## SUPPLIED DATA
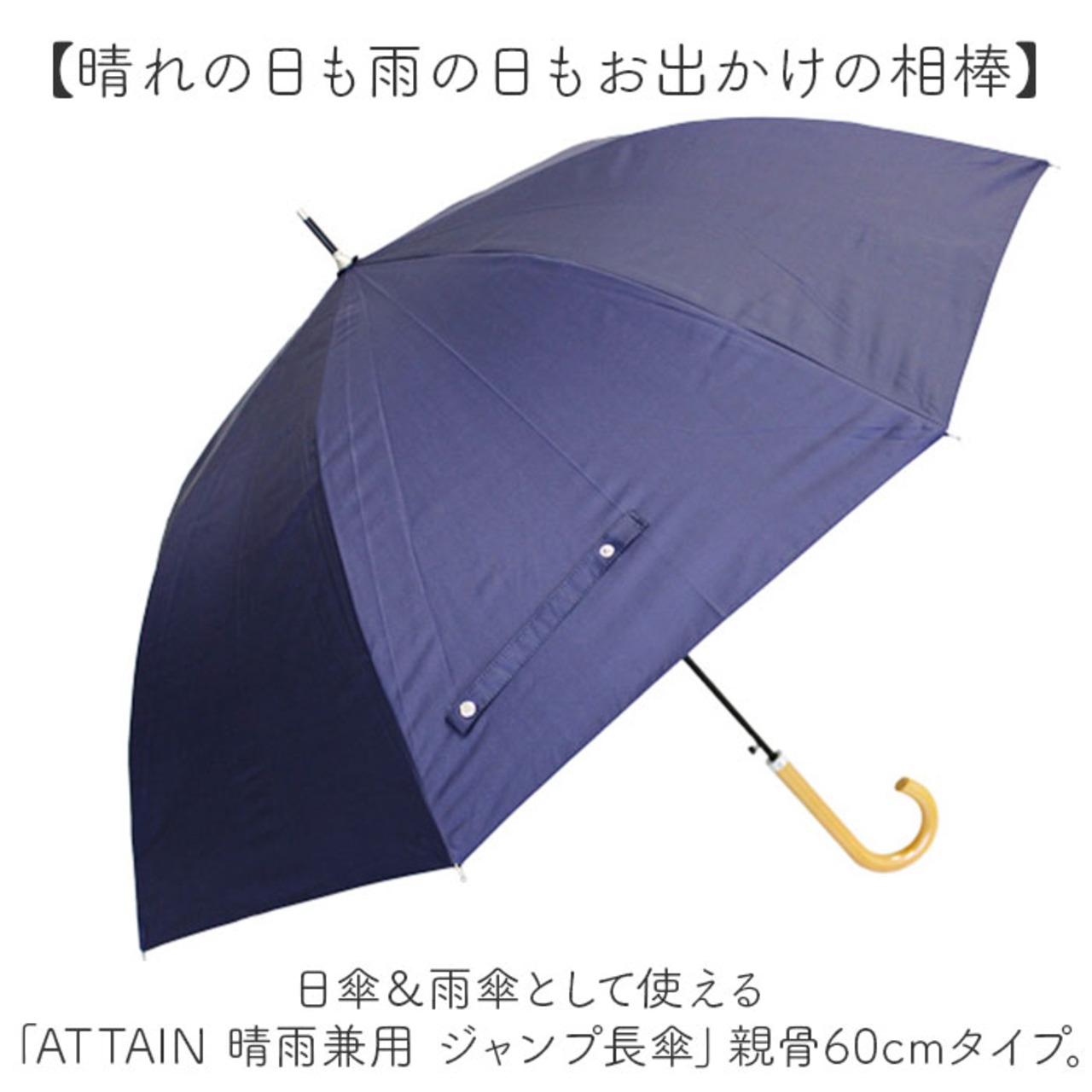 ・日傘&雨傘として使える「ATTAIN 晴雨兼用 ジャンプ長傘」親骨60cmタイプ。
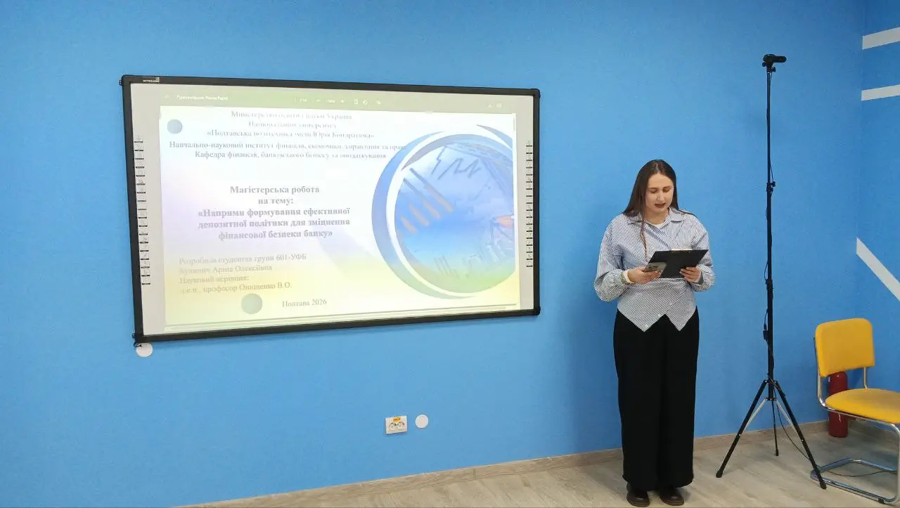 21–22 січня 2026 року на кафедрі фінансів, банківського бізнесу та оподаткування Національного університету «Полтавська політехніка імені Юрія Кондратюка» відбулися захисти магістерських робіт здобувачів другого (магістерського) рівня вищої освіти за спеціальністю 072 «Фінанси, банківська справа, страхування та фондовий ринок» за освітньо-професійними програмами «Фінанси, банківська справа та страхування» та «Управління фінансово-економічною безпекою».
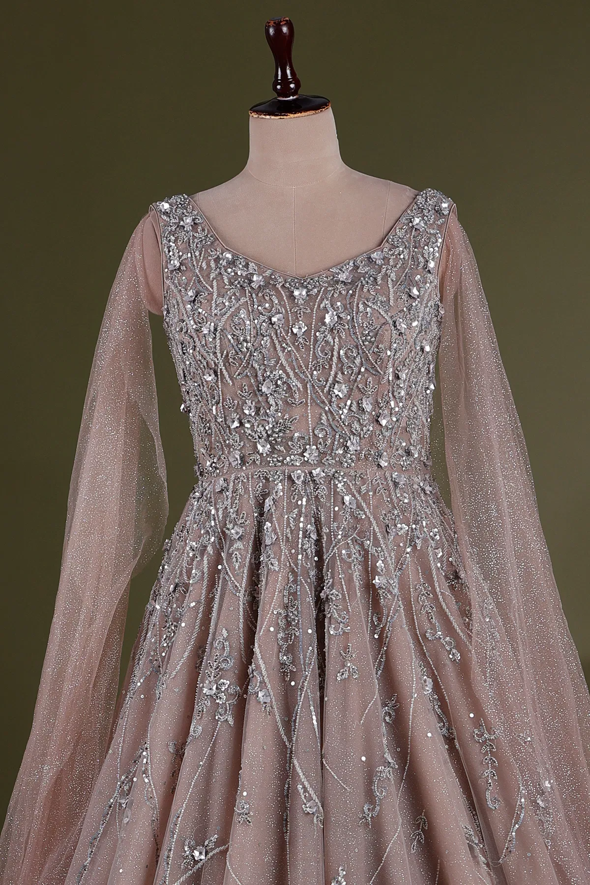 Beige Sequins Embroidered Net Evening Gown with Cap Sleeves-JE5264
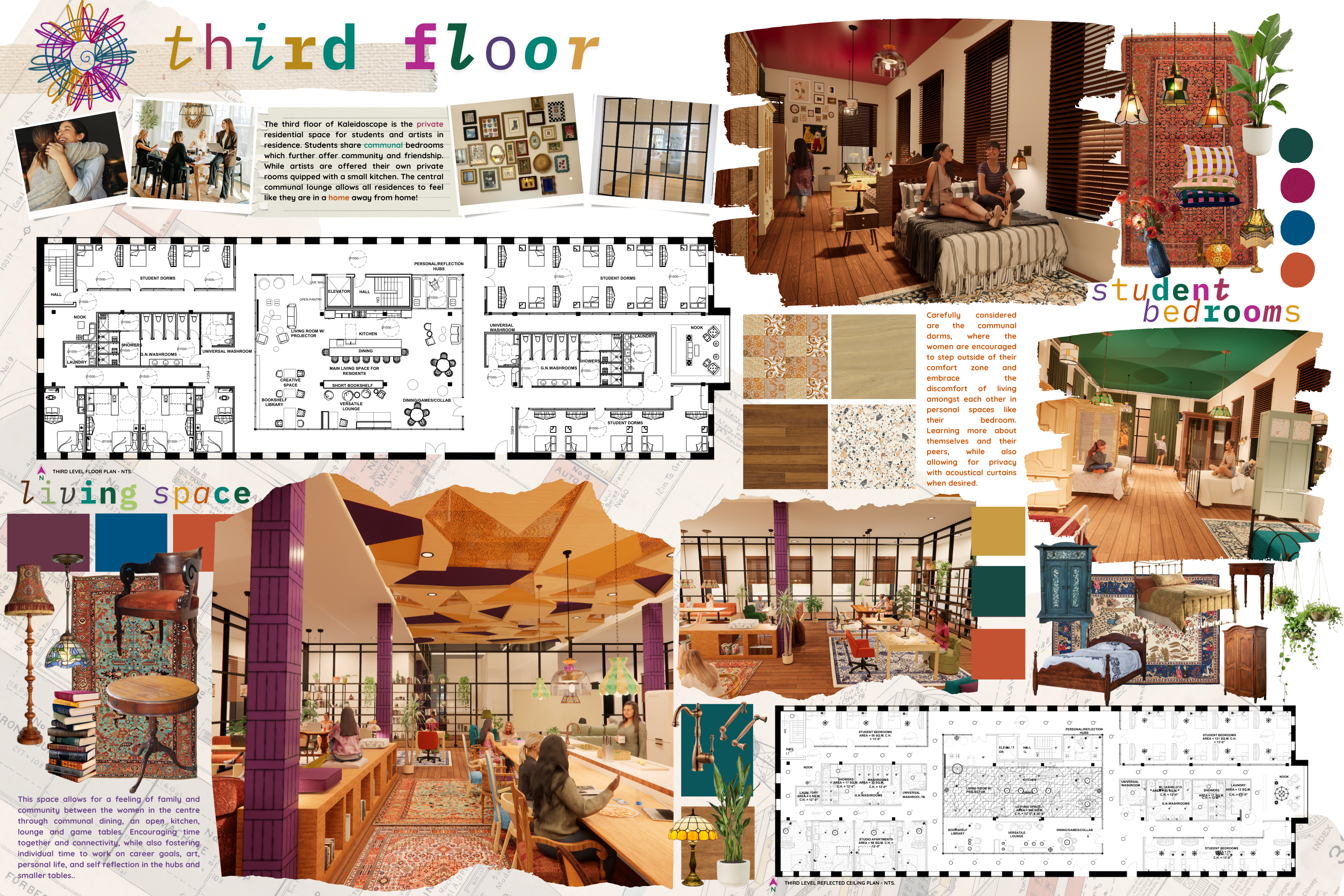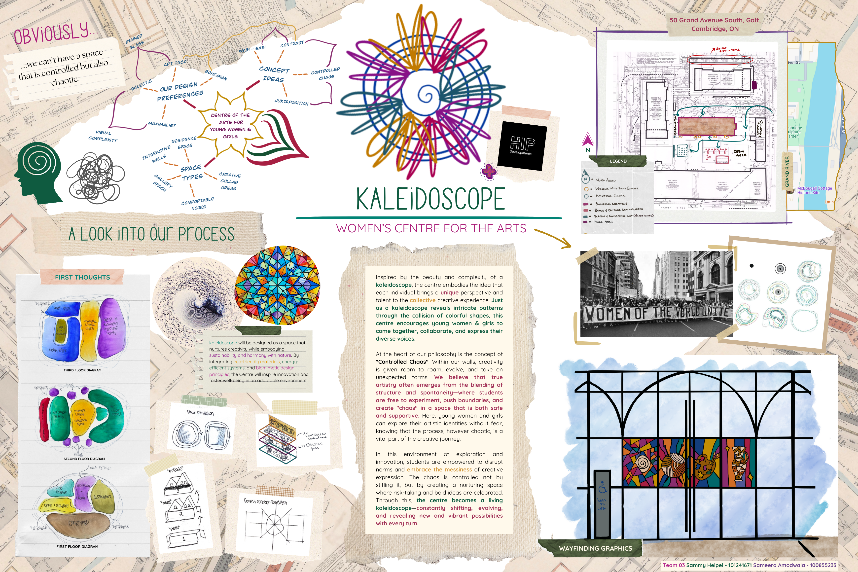 For our thesis project, my project partner and I created Kaleidoscope: The Centre of Arts for Young Women and Girls, a three-storey community space located in the revitalized Gaslight District of Cambridge, ON. Designed for HIP Developments, the centre addresses gender inequality in the arts by providing a vibrant and deeply supportive space for young women to explore artistic expression, career development, and community living.

## WORK TO BE COMPLETED
The whole listing above must be returned exactly as written, with no pictures carried over.

## RESPONSE
 ・日傘&雨傘として使える「ATTAIN 晴雨兼用 ジャンプ長傘」親骨60cmタイプ。
 21–22 січня 2026 року на кафедрі фінансів, банківського бізнесу та оподаткування Національного університету «Полтавська політехніка імені Юрія Кондратюка» відбулися захисти магістерських робіт здобувачів другого (магістерського) рівня вищої освіти за спеціальністю 072 «Фінанси, банківська справа, страхування та фондовий ринок» за освітньо-професійними програмами «Фінанси, банківська справа та страхування» та «Управління фінансово-економічною безпекою».
 Beige Sequins Embroidered Net Evening Gown with Cap Sleeves-JE5264
 For our thesis project, my project partner and I created Kaleidoscope: The Centre of Arts for Young Women and Girls, a three-storey community space located in the revitalized Gaslight District of Cambridge, ON. Designed for HIP Developments, the centre addresses gender inequality in the arts by providing a vibrant and deeply supportive space for young women to explore artistic expression, career development, and community living.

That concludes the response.